The cost to close a residential loan subsided this year thanks to a decline in loan origination fees.
Average closing costs on a $200,000 purchase-money mortgage
with a down payment of 20 percent are $1,847.
The total excludes title insurance, title search, taxes, property insurance, association fees, interest and other prepaid items.
That is less than the average for a single-family home loan last year, when the total was
$2,539.
(after this story was published, Bankrate.com provided the following clarification about how it changed the way it reported the closing cost data, which reduced the year-over-year change to seven percent:
We decided not to include origination points this year (to ensure consistency: we have long excluded discount points, but we found that some lenders are using “discount” and “origination” points interchangeably).
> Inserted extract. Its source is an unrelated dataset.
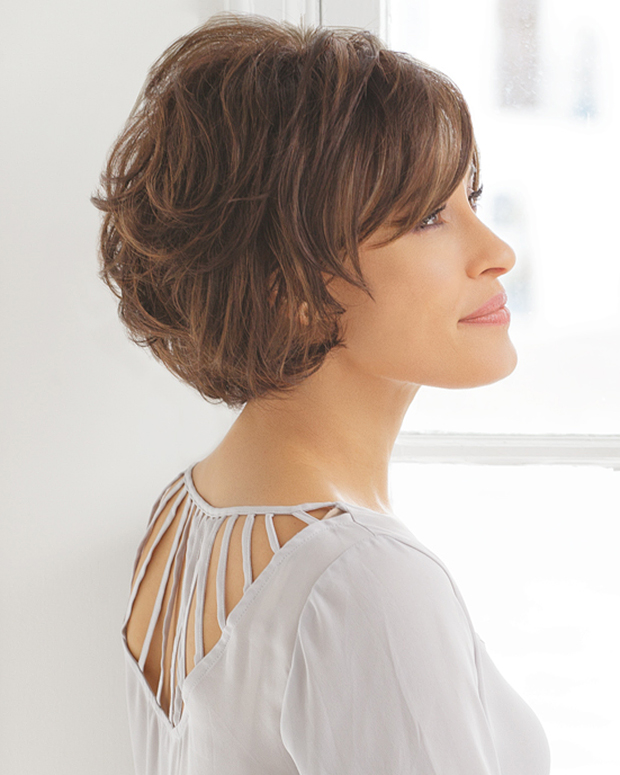The quintessential textured bob. This effortless style and tousled finish features a breathable open wefted cap, wispy layers with soft curl throughout the crown and back and subtle lift at the root for added volume and carefree movement. Only one is available at this price.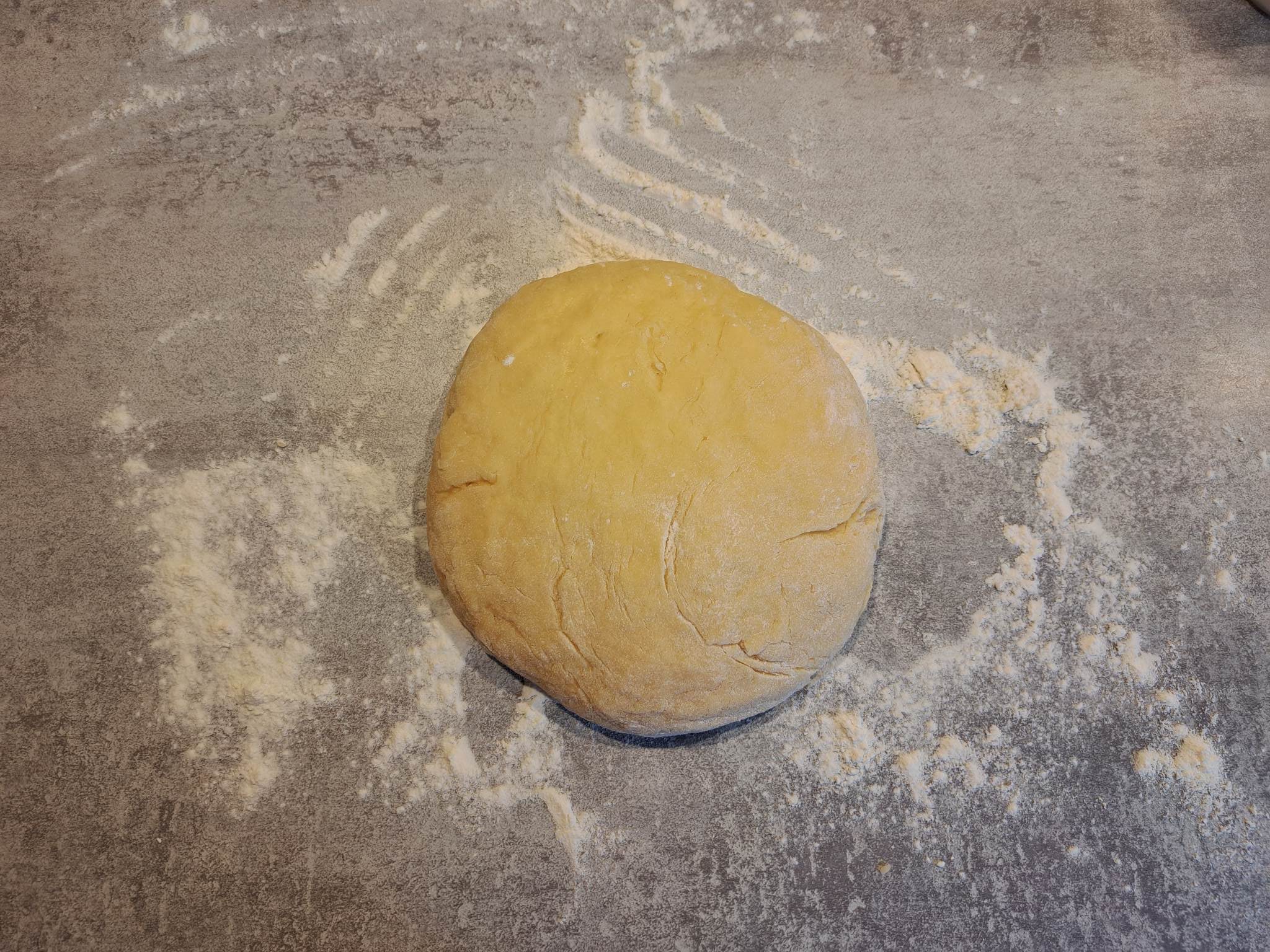 Après 2 heures de repos, fariner le plan de travail et faire une boule.

Re-running the 2014 data without origination points yields an average of $1,989. That’s an apples-to-apples comparison with this year’s $1,847 and is where the 7% decline comes from.
Bankrate.com reported the findings based on a survey of up to 10 lenders for each state as of June.
In Hawaii, total closing costs average $2,163 — more than in any other state.
New Jersey’s $2,094 are second-highest, then $2,033 in
Connecticut, $1,971 in West Virginia and $1,969 in Arizona.
At $1,613, Ohio had the lowest closing costs.
The 2015 U.S. total includes
$1,041 in lender origination fees — plunging from $1,877 a year earlier.
Origination fees were highest in Arizona at $1,208 and lowest in Wyoming at $874.
Also reflected in this year’s U.S. total were and $807 in third-party fees, increasing from $662 in 2014.
Hawaii’s $1,130 in third-party fees were highest in the nation,
while Pennsylvania’s, $678 were the lowest.